Smoke behaves differently in space than it does on Earth. In the absence of gravity, individual smoke particles remain nearer to their source longer than their Earth counterparts and ultimately clump together to form clusters that can be 10 times bigger than terrestrial smoke particles, researchers said.

“This is important because if you’re building a smoke detector, you should know what size of smoke to look for,” Urban said.

Bulky smoke
During his six-month tour aboard the ISS, Expedition 13 flight engineer Jeffrey Williams worked with Urban and his team on the Dust and Aerosol measurement Feasibility Test (DAFT) to test handheld smoke detection devices for future orbital smoke experiments.

The experiment revolved around a handheld device dubbed P-Trak – an off-the-shelf air quality tool modified by NASA engineers for use in microgravity – which uses an internal laser and optical sensor to detect aerosols and smoke particles.

Williams combined P-Trak with a modified home ionization smoke detector, a companion dust sensor – aptly named Dust-Trak – and a four-gallon (15-liter) bag. The astronaut then shot bursts of grade-A Arizona road dust, and used the detection tools to measure the amount of material in the bag.

“We’re pretty happy with the runs we got in August,” Urban said, adding that earlier tests by ISS Expedition 10 commander Leroy Chiao successfully sampled the station’s interior atmosphere. “So now we have an idea of what the space station dust environment is.”

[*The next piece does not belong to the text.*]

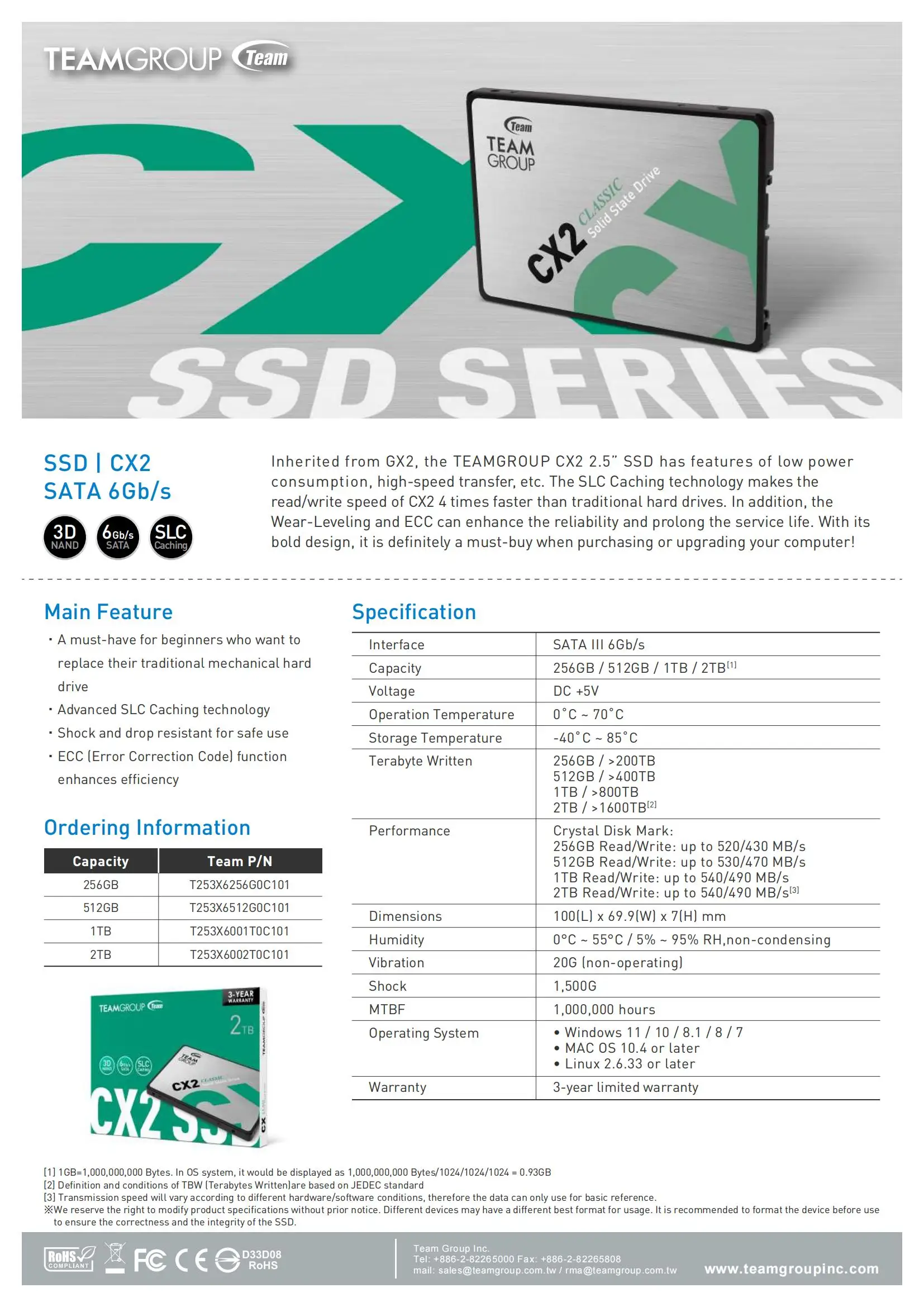 • Alta capacidad de almacenamiento:La unidad de estado sólido Team Group CX2 ofrece hasta 1TB de almacenamiento, lo que proporciona un amplio espacio para sus necesidades digitales.
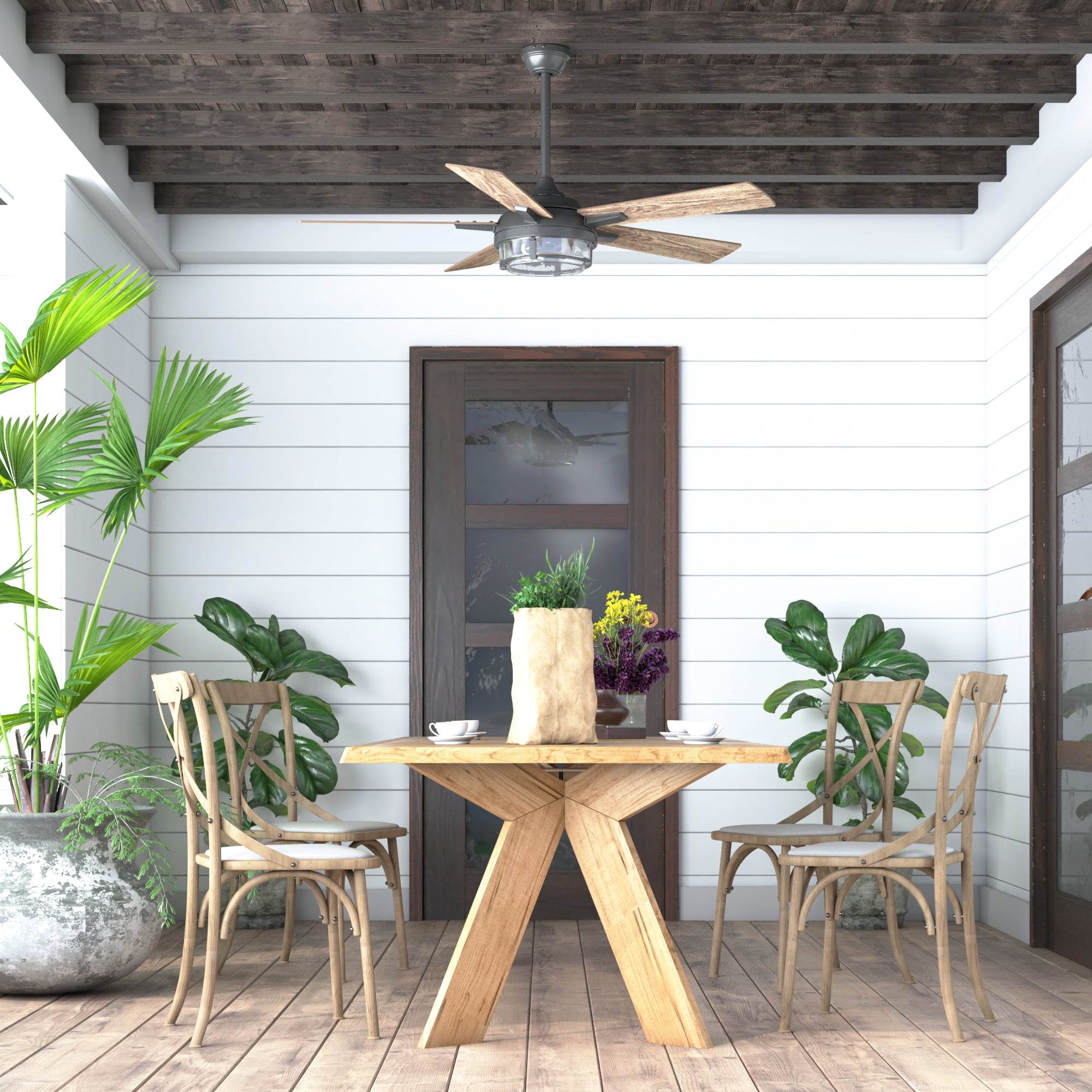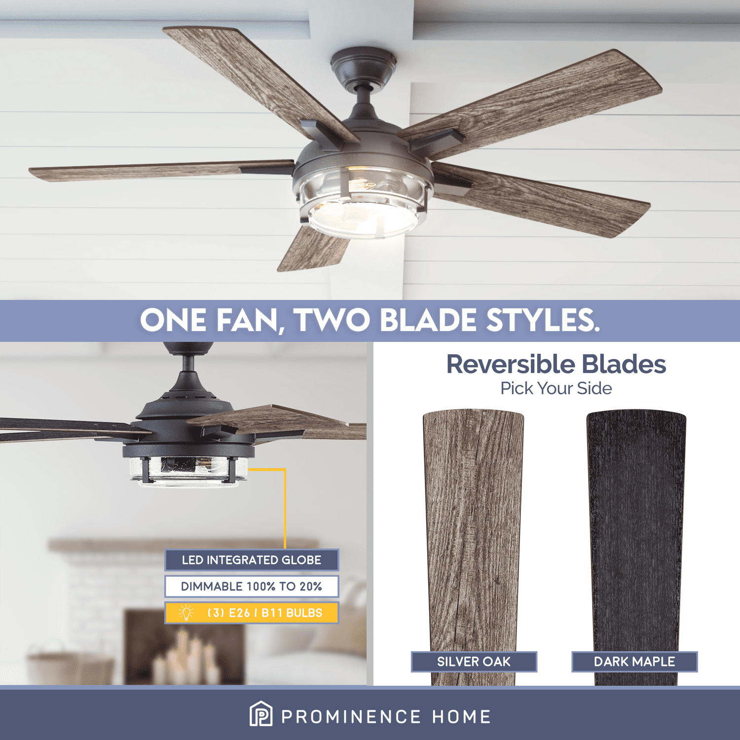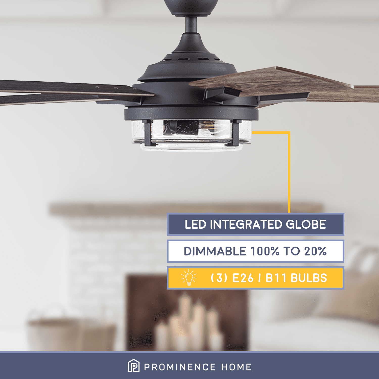 MISSION CRAFTSMAN: The Freyr features beautiful details and inspired design perfect to elevate your indoor and outdoor spaces. Having a blade span of 52 inches, this fan is perfect for medium to large rooms such as bedrooms, living rooms, dining rooms and much more! EDISON BULBS & CLEAR SEEDED GLASS: This beautiful lantern-inspired light has the power to light up an outdoor space but also dimmable to adjust to whatever suits your moods! This light kit features E26/B11 bulbs (included with purchase), 500 lumens and 5.5 watts and has a color temperature is 2700K – more than capable of lighting up your beautiful spaces. DUAL MOUNT COMPATIBLE: This fan can be hung by the standard downrod mount, 4” downrod included, or on angled ceilings (angle bracket for angles greater than 17 degrees sold separately)

The space station’s atmosphere, it turns out, is relatively dust free. That’s a good thing since the presence of dust can set off the orbital laboratory’s light-scattering smoke detectors in false alarms. Finessing future spacecraft detectors to be sensitive enough to catch fires and smoke early – but not to the point that false alarms become common – will be a challenge.

“That’s a big concern,” Urban said. “The more false alarms you get the less respect your device gets both by the crew and the ground operations people.”

There are two primary smoke detectors inside the space station’s U.S.-built Destiny laboratory, though similar sensors also safeguard the Russian segments, researchers said. Smoke detectors are also installed in each laboratory rack that receives ventilation and power, they added. 

The station is also equipped with carbon dioxide-based fire extinguishers in the U.S. segments and a water-foam system in the Russian modules.

“Neither has ever been used in the space station,” Urban said.

Preparing for ignition
The success of DAFT — all six hours of its operations — clears the way for an upcoming experiment in which ISS astronauts will purposely start fires in space.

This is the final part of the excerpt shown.